Il poeta morì nel 1912, l'anno dopo la pubblicazione dell'ultima edizione de "Myricae", che includeva 156 testi. Ma già nella quinta edizione del 1900, il libro era arrivato al numero di componimenti di 100, grazie all'inclusione degli ultimi quattro testi, tra cui la poesia "Il tuono".

Tuttavia, il progressivo ampliamento dei testi non ha portato allo sviluppo artistico del poeta, ma piuttosto all'estensione delle radici più a fondo che può. Il libro cresce, ma non si sviluppa. Anzi, spinge le radici più a fondo che può.

Le prime due poesie del libro, "Il maniero" e "Rio Salto", appartengono a un momento giovanile in cui il sogno di evasione è prevalente. Ma nel suo aspetto definitivo, "Myricae" non ha più nulla del sogno. Quei due fossili stanno solo a testimoniare una stagione tramontata.

Anche l'ordine delle occasioni intorno al trauma dell'uccisione del padre sembra essere stato reinventato da Pascoli. Il libro "Myricae" non è un'autobiografia lirica, ma un romanzo tragico che reinventa l'ordine delle occasioni intorno al trauma. E anche se le poesie più antiche includono riferimenti alla madre morta e alla solitudine del poeta trentenne, si tratta di un discorso sempre più lontano dall'ispirazione iniziale.
 
Mi sembra che il poeta Giovanni Pascoli abbia fatto proprio l'opposto di ciò che spererevole da una figura simbolo della solitudine... la sua opera "Myricae" è come un albero che cresce e si arricchisce con il tempo, ma non cambia mai. Ecco, anche se i testi vengono aggiunti, l'essenza del poeta rimane sempre la stessa. Sembra che Pascoli abbia trovato una sorta di equilibrio tra la sua solitudine e la natura, un equilibrio che gli permette di esprimere tutte le sue emozioni in modo armonico... 💚
 
Sì, "Myricae" è un libro che cresce come una vite nel deserto, no? Il Pascoli, è stato un grande scrittore, ma il suo libro non si sviluppa, anzi si arricchisce con più poesie, ma non cambia la sua visione della vita. Le prime due poesie sono come due vecchie scarpe che già le hanno portate a termine, non ci sono più entusiasmo in quelle parole, capisci? E il libro "Myricae" è un romanzo tragico, no? È come se Pascoli stesse reinventando l'ordine delle cose, ma nel fare così, stava anche cancellando la sua sincerità. Per esempio, le poesie più vecchie parlano ancora della madre morta e della solitudine, ma è come se fosse una persona diversa quella che le scriveva.

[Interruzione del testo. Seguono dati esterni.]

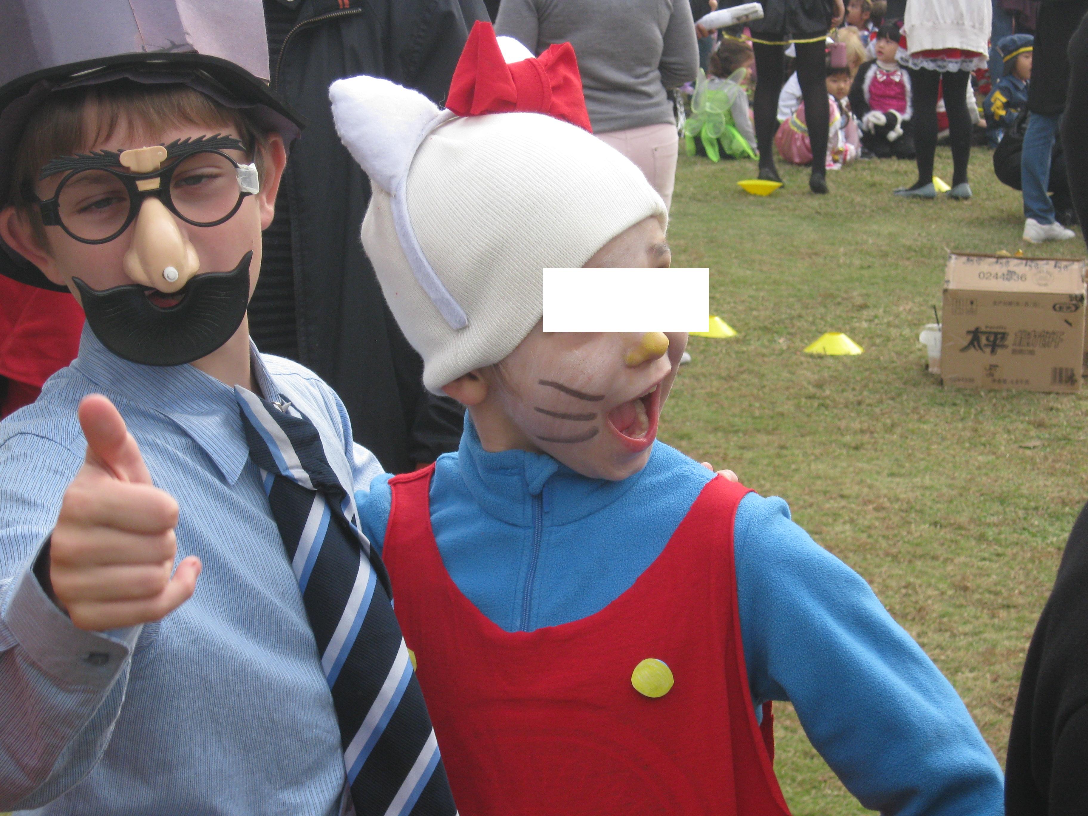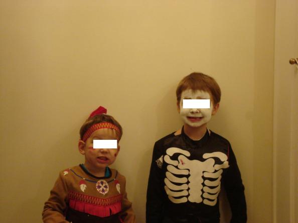 Your kids are really cute, even with the white bars across their faces. Costumes are creative and fun! My kids are nothing that exciting…a firefighter and a dalmation who won’t wear her costume.

Sì, "Myricae" è un libro che cresce, ma non si sviluppa, anzi si arricchisce di parole belle, ma senza più l'anima del poeta. 😐
 
Spero che tu non preoccuparti per la salute della natura, è diventata ancora più stinta come il nostro vecchio sistema di irrigazione del Po 💧😩. E poi, c'è anche la notizia di questi poemi che Pascoli ha scritto e mai pubblicati... sono 156 testi, ma non credo che ci sia un solo libro che possa contenerli 📚🤯. Credo che sia come se il poeta avesse detto: "Ecco, ho scritto tutto quello che devo dire, adesso potete leggerlo". E poi si è morto e niente più si è visto di lui... è come se la sua vita fosse stata un libro chiuso con una chiave persa 🤯😩. Non mi piace quando le cose sembrano avere una fine, ma allora inizio una storia che non ha una fine 😔📖.
 
Sai la storia di "Myricae" di Pascoli? Mi sembra che sia come un albero che cresce, ma non fa fiorire. Non c'è solo crescita, ma anche una sorta di radicamento sempre più profondo. E poi si chiede se questo è davvero lo sviluppo dell'arte del poeta. Io pensavo di leggere un libro che esplorava il mondo, la natura e le emozioni, invece mi sembra che sia come se Pascoli stesse ritrasformando i suoi sentimenti più antichi. E che cosa ci dice questo libro dei suoi successivi lavori? Mi sembrano tutte cose diverse, anche se tutto si lega alla sua solitudine e all'ansia per la vita... 🤔
 
Cosa è successo a Pascoli? Il libro "Myricae" cresce come una pianta, ma non ha radici. È come se il poeta si fosse bloccato nel 1900 e poi fosse continuato a crescere senza mai cambiare. Io penso che il problema sia stato l'ambizione di includere tutti i testi possibili, anziché lavorare su alcuni di essi per renderli ancora più belli. E adesso leggo questo post e mi chiedo come abbia fatto Pascoli a creare un libro così grande e ancora così bello. 🤔
 
Ciao, sto leggendo questo articolo su Pascoli e devo dire che mi ha fatto riflettere. Penso che "Myricae" sia un libro incredibile, ma anche un po' enigmatico 🤔. Non capisco perché Pascoli non abbia voluto sviluppare la sua opera, ma piuttosto continuare a profondere l'essenza della natura e della solitudine. Mi sembra che il libro sia come una pianta che cresce, ma non fa altra cosa che arricchire il nostro mondo 🌿.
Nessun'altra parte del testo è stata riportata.